Mono-cultural White and Asian schools in North West towns are potentially damaging to community relations and should be avoided wherever possible, according to a new report by Lancaster University.

The two-year research project, funded by the Home Office and Department for Communities and Local Government, found that mono-cultural schools perpetuated extremist attitudes among a significant number of young White people and did not prepare young Muslim Asians for the prejudice they may encounter later in life.

The Burnley Project ‘ Interfaith Interventions and Cohesive Communities’ was launched in the wake of the 2001 disturbances, which took place in a number of Northern towns – particularly Burnley, Oldham and Bradford - to look at the contribution that interfaith understanding could make to community cohesion.

In the report, authors of the study, Canon Dr Alan Billings and Dr Andrew Holden of Lancaster University’s Religious Studies Department, state:

“The mixed school should be seen as a form of interfaith activity in itself and probably the most effective in ameliorating illiberal attitudes among some young White people and helping young Asian/ Muslims to encounter and learn how to deal with racism and prejudice in their early lives – in the classroom and the playground – while they have helpful adults around them.

“The mono-cultural school in towns like Burnley should be avoided wherever possible and where this is not possible, attempts should be made to bring young people together from the different communities as part of their normal school experience.”

The report also contends that interfaith activities play an important part in bringing people of different faiths, cultures and ethnicities together and should be supported but that in themselves they are not enough. Only a few Christians and Muslims are involved and some are hostile to the idea. Interfaith groups must be encouraged to develop partnerships that involve secular groups too.

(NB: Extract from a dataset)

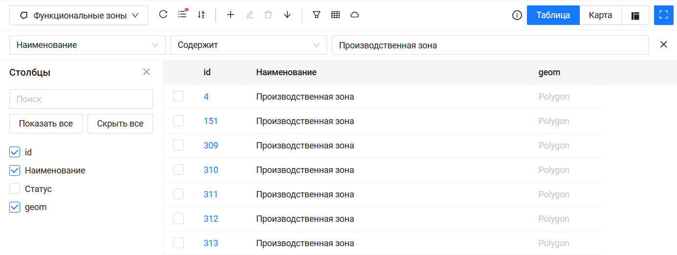 Перечень колонок слоя, которые попадут в файл экспорта, определяется в соответствии с заданными столбцами для отображения таблицы.

As part of the study, more than 400 fifteen year olds were questioned about their attitudes towards race, religion and cultural integration in the summer term of 2006.

They came from three non-religious schools, all in deprived areas - one in Burnley attended mostly by White pupils and two schools in Blackburn, where one had mostly Indian or Pakistani pupils and the other was ethnically mixed.

One of the report’s most unanticipated and troubling findings was that a significant proportion of pupils from the predominantly White school exhibited illiberal and anti-integrationists attitudes while those from the predominantly Asian school were liberal and tolerant.

Almost one third of the white pupils believed that one race was superior to another compared with one tenth in the Asian school and under one fifth in the mixed school.